How do you extract a substring within column that contains people's Name & title that are in "Myles, Mr. Thomas Francis" format and only want "Mr."

84 views Asked by At

enter image description hereenter image description hereWant to add matched results as new column of dataframe within a python function

I tried using re.search() expression

for i in input_df["Name"]:
   Title[i] = re.search(".$",i)

I get Type_error and not sure how to write pattern to get desired result

2

There are 2 answers

3
Tim Biegeleisen On BEST ANSWER

You could use str.extract here with the regex pattern \b[A-Z][a-z]+\.:

input_df["Title"] = input_df["Name"].str.extract(r'\b([A-Z][a-z]+\.)')
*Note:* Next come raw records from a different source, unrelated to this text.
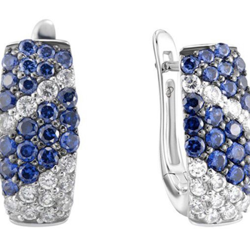 Sterling Silver w/ Black White Plating Earrings Blue Nano Cubic Zirconia,White Cubic Zirconia (E303579BZZSK925)
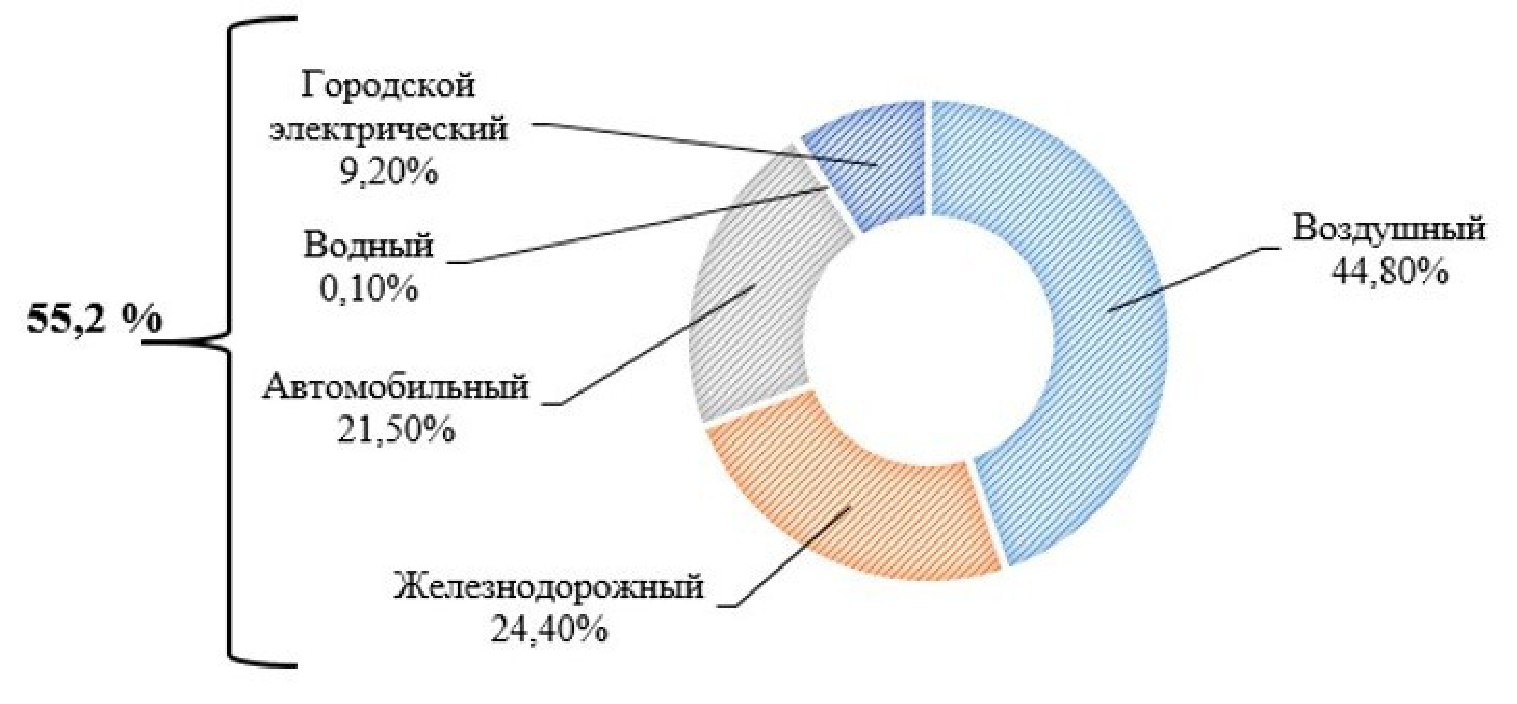 Рисунок 1 – Структура пассажирооборота по видам транспорта в РФ за 2022 г.
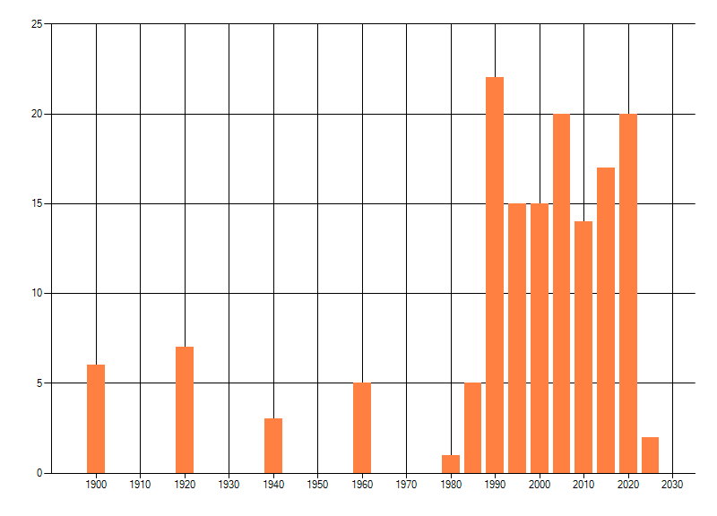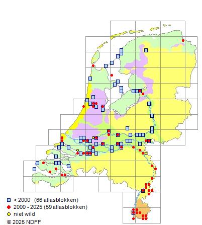 Het aantal atlasblokken (5x5 km) waarin de soort is gemeld binnen een periode van vijf jaar (vanaf 1980) of twintig jaar. Niet gecorrigeerd voor waarnemersinspanning en het aantal doorgegeven waarnemingen kan sterk variëren per periode, dus een trend in verspreiding kan hier niet direct uit worden afgelezen. Het opgegeven jaartal is het eerste jaar van de periode. Bron: gevalideerde waarnemingen uit de NDFF.
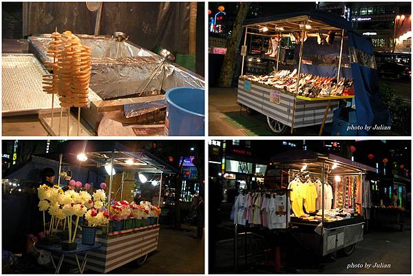 在仁寺洞的路邊還有一攤攤的攤車,銷售的商品吃的、喝的、用的什麼都有,導遊說這是合法的路邊攤。
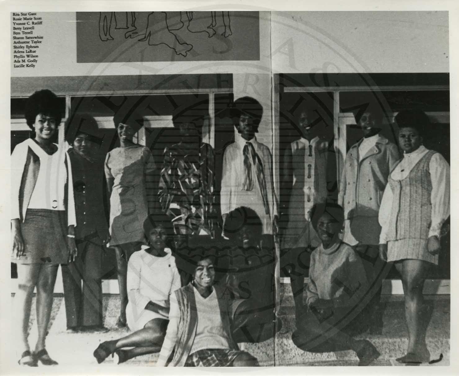 Rita Star Gant, Rosie Marie Scott, Yvonne C. Ratliff, Betty Leavell, Fern Terrell, Sharon Satterwhite, Arthurene Taylor, Shirley Ephram, Arlena LaRue, Phyllis Wilson, Ada M. Godly & Lucille Kelly posing for the picture outside a building |

For a more sophisticated option, you could also use str.replace:

input_df["Title"] = input_df["Name"].str.replace(r'^.*,\s+|\s+.*$', '', regex=True)
1
hught On

re.search returns a "match object" if a match is found, or None if no match is found. So you may want to do something like:

for i in input_df["Name"]:
    x = re.search("Mr[s]*\.",i)
    if x:
        Title[i] = (x.group())

Your code sets the value of Title[i] to a match object instead of a string, which is probably where the type error is coming from. Use the .group() method to return just the matching part of the string. Use the if statement to handle cases where no match was found.

As for the regex, I don't know what your data looks like exactly but you could try matching one more more capital letters, followed by zero or more lower case letters, followed by a period. Eg re.search("[A-Z]+[a-z]*\.",i)

Be warned regex can trip up over edge cases, so check carefully.